Fallen stock area is facing crisis

7 September 2001

Fallen stock area is facing crisis

DISPOSAL of fallen stock is an essential service for producers, but it is being stretched by foot-and-mouth movement restrictions adding costs to both knacker yards and kennels.

Except for fallen cattle over 24 months, now collected for the BSE survey, fallen stock can be moved under a general licence for disposal, according to DEFRA. This applies to farms without a Form D or A notice, with carcasses normally picked up from the farm gate.

However, DEFRA guidelines mean not transporting carcasses from more than one farm at a time and disinfecting vehicles before entering or leaving a farm.

This increases knacker yards mileage and takes extra time, according to the Licensed Animal Slaughterers and Salvage Association.

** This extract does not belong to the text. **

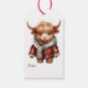 On each side of this Holiday gift tag for kids is a cute cow wearing winter clothing. On one side, a white cow wears a red and white Santa Claus hat and a plaid scarf. On the other side a shaggy Highlands cow wears his plaid winter coat. The text on each side can be easily personalized, or customized by you.

"Most do not have the resources or vehicle numbers to cope. An additional problem is declining incomes with most knacker yards 65% down on cattle numbers this summer, due to the BSE survey," it adds.

For smaller animals, such as sheep, it is uneconomic for knacker yards to collect them and this is left to kennels.

Most kennels are still providing a collection service, says the Countryside Alliances Simon Hart. But they are having to operate under the same rules as knackers, yards. &#42

Kennels are also facing extra costs and have seen incomes drop, but assure producers they will carry on with the service, says Mr Hart.